I had a little talk today—
An argument with Dan and Ike:
First Dan, he said 'twas not his way
To do the things he didn't like.

And Ike, he said that Dan was wrong;
That only cowards dodged and hid.
Because it made him brave and strong,
The things he didn't like, he did!

But then I showed to Ike and Dan
An easy way between the two:
I always try, as best I can,
To like the things I have to do.

Arthur Guiterman, in Youth's Companion.

LIVINGSTONE'S BODY-GUARD

The work of David Livingstone in Africa was so far that of a missionary-explorer and general that the field of his labor is too broad to permit us to trace individual harvests. No one man can quickly scatter seed over so wide an area. But there is one marvelous story connected with his death, the like of which has never been written on the scroll of human history. All the ages may safely be challenged to furnish its parallel.

On the night of his death he called for Susi, his faithful servant, and, after some tender ministries had been rendered to the dying man, Livingstone said: "All right; you may go out now," and Susi reluctantly left him alone. At four o'clock the next morning, May 1, Susi and Chuma, with four other devoted attendants, anxiously entered that grass hut at Ilala. The candle was still burning, but the greater light of life had gone out. Their great master, as they called him, was on his knees, his body stretched forward, his head buried in his hands upon the pillow. With silent awe, they stood apart and watched him, lest they should invade the privacy of prayer. But he did not stir; there was not even the motion of breathing, but a suspicious rigidity of inaction. Then one of them, Matthew, softly came near and gently laid his hands upon Livingstone's cheeks. It was enough; the chill of death was there. The great father of Africa's dark children was dead, and they were orphans. The most refined and cultured Englishmen would have been perplexed as to what course to take. They were surrounded by superstitious and unsympathetic savages, to whom the unburied remains of the dead man would be an object of dread. His native land was six thousand miles away, and even the coast was fifteen hundred. A grave responsibility rested upon these simple-minded sons of the Dark Continent, to which few of the wisest would have been equal. Those remains, with his valuable journals, instruments, and personal effects, must be carried to Zanzibar. But the body must first be preserved from decay, and they had no skill nor facilities for embalming; and if preserved, there were no means of transportation—no roads nor carts. No beasts of burden being available, the body must be borne on the shoulders of human beings; and, as no strangers could be trusted, they must themselves undertake the journey and the sacred charge.

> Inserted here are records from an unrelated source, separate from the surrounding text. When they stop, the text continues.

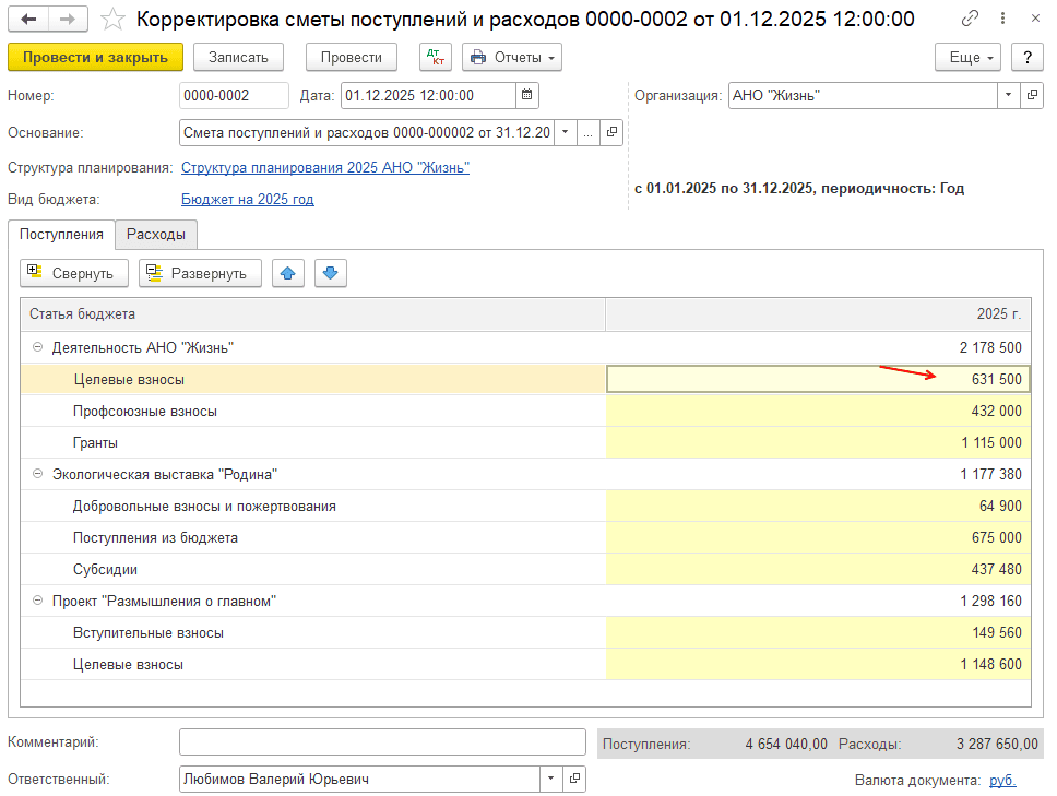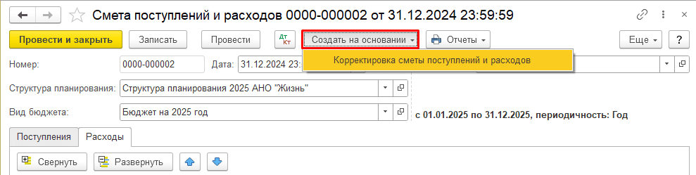 Если требуется скорректировать смету, на основании документа «Смета поступлений и расходов» создайте документ «Корректировка сметы поступлений и расходов»:
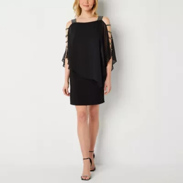 MSK Womens Elbow Sleeve Overlay Sheath Dress
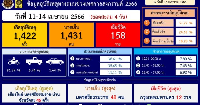 ศปถ.สรุปสถิติอุบัติเหตุสงกรานต์ 2566 สะสม 4 วัน (11-14 เม.ย.) เกิดอุบัติเหตุรวม 1,422 ครั้ง มีผู้เสียชีวิต 158 ราย บาดเจ็บ 1,431 คน กำชับจังหวัดปรับแผนการดำเนินงานตามบริบทในพื้นที่
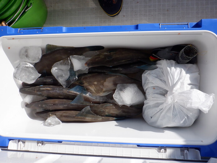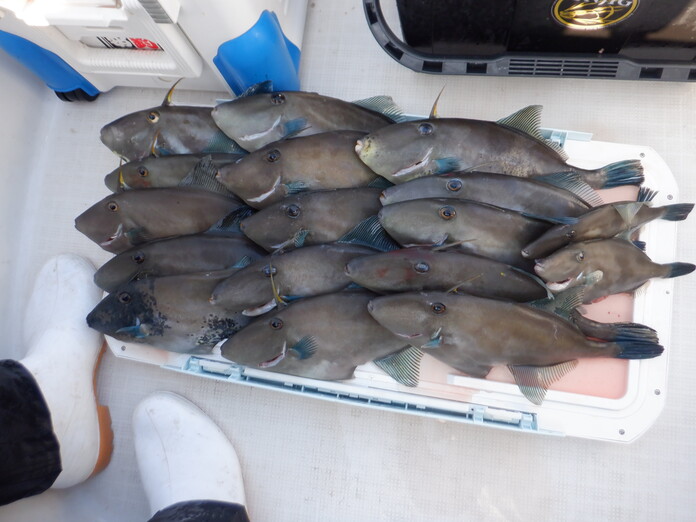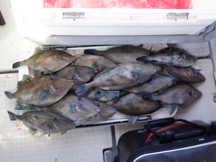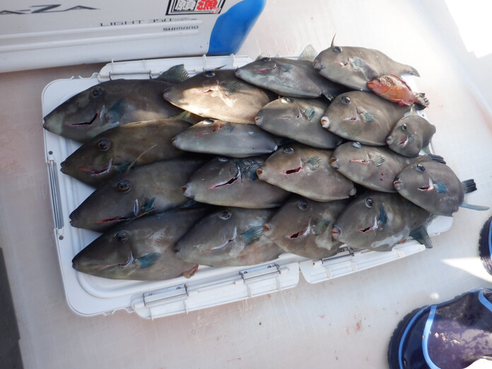 <1月17日 ウマズラハギ> 今日はウマズラがターゲットです。一日を通して順調に上がりました。流石にエサ取りが上手く、一筋縄では行きませんがトップ20匹超えで釣果は纏まりました。他の方も二桁釣果で納竿となりました。

These humble children of the forest were grandly equal to the occasion, and they resolved among themselves to carry the body to the seashore, and not give it into other hands until they could surrender it to his countrymen. Moreover, to insure safety to the remains and security to the bearers, it must be done with secrecy. They would gladly have kept secret even their master's death, but the fact could not be concealed. God, however, disposed Chitambo and his subjects to permit these servants of the great missionary to prepare his emaciated body for its last journey, in a hut built for the purpose, on the outskirts of the village.

Now watch these black men as they rudely embalm the body of him who had been to them a savior. They tenderly open the chest and take out the heart and viscera. These they, with a poetic and pathetic sense of fitness, reserve for his beloved Africa. The heart that for thirty-three years had beat for her welfare must be buried in her bosom. And so one of the Nassik boys, Jacob Wainright, read the simple service of burial, and under the moula-tree at Ilala that heart was deposited, and that tree, carved with a simple inscription, became his monument. Then the body was prepared for its long journey; the cavity was filled with salt, brandy poured into the mouth, and the corpse laid out in the sun for fourteen days, and so was reduced to the condition of a mummy, Afterward it was thrust into a hollow cylinder of bark. Over this was sewed a covering of canvas. The whole package was securely lashed to a pole, and so at last was ready to be borne between two men upon their shoulders.

As yet the enterprise was scarcely begun, and the most difficult part of their task was before them. The sea was far away, and the path lay through a territory where nearly every fifty miles would bring them to a new tribe, to face new difficulties.